From the "No buffer space available" it looks like the neighbour table on the system is full, which shouldn't happen normally.  One place to look for failures is /var/log/messages - it could show the table is full.  Also, looking at the net.ipv4.gc_thresh* sysctl settings would be useful, since it would tell you how many entries the table is configured for.

Comment 4 Brian Haley 2017-12-18 17:36:30 UTC
Sai,

Thanks for the info.  From the l3-agent log it looks like the neighbour table has overflowed since adding an ARP entry is failing.  Can the customer check in /var/log/messages for any related warnings?  Also, can they provide the output of 'sysctl -a | grep gc_thresh' ?  It could just be the need to increase the size of the table for their workload.

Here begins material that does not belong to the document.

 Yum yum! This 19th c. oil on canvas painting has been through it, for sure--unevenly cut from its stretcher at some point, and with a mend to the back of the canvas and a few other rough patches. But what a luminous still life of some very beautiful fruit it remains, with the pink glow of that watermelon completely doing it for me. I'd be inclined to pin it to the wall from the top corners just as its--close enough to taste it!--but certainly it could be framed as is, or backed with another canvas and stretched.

Comment 5 Brian Haley 2018-01-03 15:11:21 UTC
Just checking if additional info on my previous comment is available.

Comment 7 Brian Haley 2018-01-10 19:10:35 UTC
Those numbers for gc_thresh* are very low if this is a large deployment.  I actually found a bug and patch that increased these values done less than a year ago, I'll link it in the bug.

That said, on the affected node they could try increasing these values and see if the problem persists:

# sysctl -w net.ipv4.neigh.default.gc_thresh1=1024
# sysctl -w net.ipv4.neigh.default.gc_thresh2=2048
# sysctl -w net.ipv4.neigh.default.gc_thresh3=4096

Those are the new default values.

If that works then someone could look at backporting the changes.

Comment 8 Brent Eagles 2018-01-10 19:36:50 UTC
upstream backport for OSPd/TripleO fix for this on the newton branch is https://review.openstack.org/#/c/532612/

Comment 12 Brian Haley 2018-06-14 13:57:16 UTC
I don't think you have to boot 5-6 instances, verifying the gc_thresh settings are correct should be enough as it shows the size of the neighbour table has been increased.

Comment 14 errata-xmlrpc 2018-06-27 23:30:46 UTC
Since the problem described in this bug report should be
resolved in a recent advisory, it has been closed with a
resolution of ERRATA.

For information on the advisory, and where to find the updated
files, follow the link below.

If the solution does not work for you, open a new bug report.

https://access.redhat.com/errata/RHBA-2018:2101